Image 3 - Estimated average route gradient v1 (image by author)

There appears to be something wrong with the route file. A single data point has over 1200% gradient, which is impossible. In theory, that would mean you gain 1200 meters of elevation after 100 meters of distance.

We’ll mitigate this issue by adding a condition - if the estimated average gradient is greater than 30%, we’ll append NaN to the list. There are no gradients above 30% on this route, and such gradients are extremely rare overall.

gradients = [np.nan]

for ind, row in route_df.iterrows(): 
    if ind == 0:
        continue
        
    grade = (row['elevation_diff'] / row['distance']) * 100
    
    if grade > 30:
        gradients.append(np.nan)
    else:
        gradients.append(np.round(grade, 1))

Let’s see how it looks like:

plt.title('Terrain gradient on the route', size=20)
plt.xlabel('Data point', size=14)
plt.ylabel('Gradient (%)', size=14)
plt.plot(np.arange(len(gradients)), gradients, lw=2, color='#101010');
Image 4 - Estimated average route gradient v2 (image by author)

Image 4 - Estimated average route gradient v2 (image by author)

It’s a step in the right direction, but we now have a couple of missing data points.
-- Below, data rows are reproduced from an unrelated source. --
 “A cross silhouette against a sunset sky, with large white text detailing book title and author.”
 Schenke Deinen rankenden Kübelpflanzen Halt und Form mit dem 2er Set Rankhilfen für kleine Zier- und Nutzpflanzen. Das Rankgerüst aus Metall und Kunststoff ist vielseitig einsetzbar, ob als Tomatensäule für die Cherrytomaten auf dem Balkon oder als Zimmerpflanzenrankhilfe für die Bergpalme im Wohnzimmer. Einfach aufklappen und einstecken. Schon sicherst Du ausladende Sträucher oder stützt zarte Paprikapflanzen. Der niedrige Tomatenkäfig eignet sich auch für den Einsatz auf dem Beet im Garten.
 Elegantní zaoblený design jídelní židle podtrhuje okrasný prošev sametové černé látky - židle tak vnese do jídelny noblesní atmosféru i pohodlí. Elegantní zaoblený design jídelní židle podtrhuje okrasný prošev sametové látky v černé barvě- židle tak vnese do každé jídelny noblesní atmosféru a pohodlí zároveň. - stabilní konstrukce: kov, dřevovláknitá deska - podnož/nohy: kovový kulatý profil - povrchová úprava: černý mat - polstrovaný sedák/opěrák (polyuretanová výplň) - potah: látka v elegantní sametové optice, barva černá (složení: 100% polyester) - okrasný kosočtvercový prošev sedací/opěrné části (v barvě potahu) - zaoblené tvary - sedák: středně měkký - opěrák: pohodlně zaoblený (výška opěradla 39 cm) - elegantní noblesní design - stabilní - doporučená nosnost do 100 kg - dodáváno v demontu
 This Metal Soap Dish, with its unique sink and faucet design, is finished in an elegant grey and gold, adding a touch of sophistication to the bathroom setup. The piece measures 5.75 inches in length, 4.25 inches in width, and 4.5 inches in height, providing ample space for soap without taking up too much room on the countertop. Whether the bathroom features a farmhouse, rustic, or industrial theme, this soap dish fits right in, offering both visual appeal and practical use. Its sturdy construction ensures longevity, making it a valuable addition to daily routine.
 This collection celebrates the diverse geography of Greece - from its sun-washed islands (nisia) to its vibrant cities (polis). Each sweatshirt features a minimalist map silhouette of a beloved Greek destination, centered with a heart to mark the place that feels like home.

The thing is - there’s a stupidly simple fix.

How to Interpolate Incorrect Gradients From a Strava Route

First things first, we’ll assign the calculated gradients to a new dataset column:

route_df['gradient'] = gradients
route_df.head()
Image 5 - Route dataset with gradient info (image by author)

Image 5 - Route dataset with gradient info (image by author)

Let’s see where the missing values are:

route_df[route_df['gradient'].isna()]
Image 6 - All missing gradient values in the dataset (image by author)

Image 6 - All missing gradient values in the dataset (image by author)

We can ignore the first one, as it’s missing for a whole different reason. We’ll have to handle the other two. To get the idea of the approach, let’s isolate the second one with the surrounding couple of rows:

route_df[401:406]
Image 7 - Data points surrounding the missing gradient value (image by author)

Image 7 - Data points surrounding the missing gradient value (image by author)

We’ll impute the missing values with interpolation. It will replace the missing value with the average of the data point before and after it. For example, the missing gradient before the missing value was 0, and after it was -5.9. The interpolated gradient will be -2,95, as (0 + (-5.9)) / 2 = -2.95:

route_df[401:406].interpolate()
Image 8 - Interpolated gradient for a single data point (image by author)

Image 8 - Interpolated gradient for a single data point (image by author)

Use the snippet below to apply interpolation to the entire dataset and fill the missing value at the first row with a zero:

route_df['gradient'] = route_df['gradient'].interpolate().fillna(0)

route_df.head()
Image 9 - Dataset with interpolated gradient column

Image 9 - Dataset with interpolated gradient column

Finally, we’ll visualize the gradient to see if the line is connected this time:

plt.title('Terrain gradient on the route', size=20)
plt.xlabel('Data point', size=14)
plt.ylabel('Gradient (%)', size=14)
plt.plot(np.arange(len(route_df)), route_df['gradient'], lw=2, color='#101010');
Image 10 - Estimated average route gradient v3 (image by author)

Image 10 - Estimated average route gradient v3 (image by author)

Everything looks good now, which means we’re ready to further analyze the gradient. We’ll leave that for the upcoming article, but for now please save the dataset to a CSV file:

route_df.to_csv('../data/route_df_gradient.csv', index=False)

That’s all I wanted to cover today. Let’s wrap things up next.


Conclusion

And there you have it - how to calculate and visualize gradients of a Strava route GPX file. You have to admit - it’s easier than it sounds. Everything boils to elementary school math anyone can follow. The following article will complicate things slightly, as we’ll shift our focus to gradient profiles. Put simply, we want to know the distance cycled across different gradient ranges, but don’t worry about it just yet.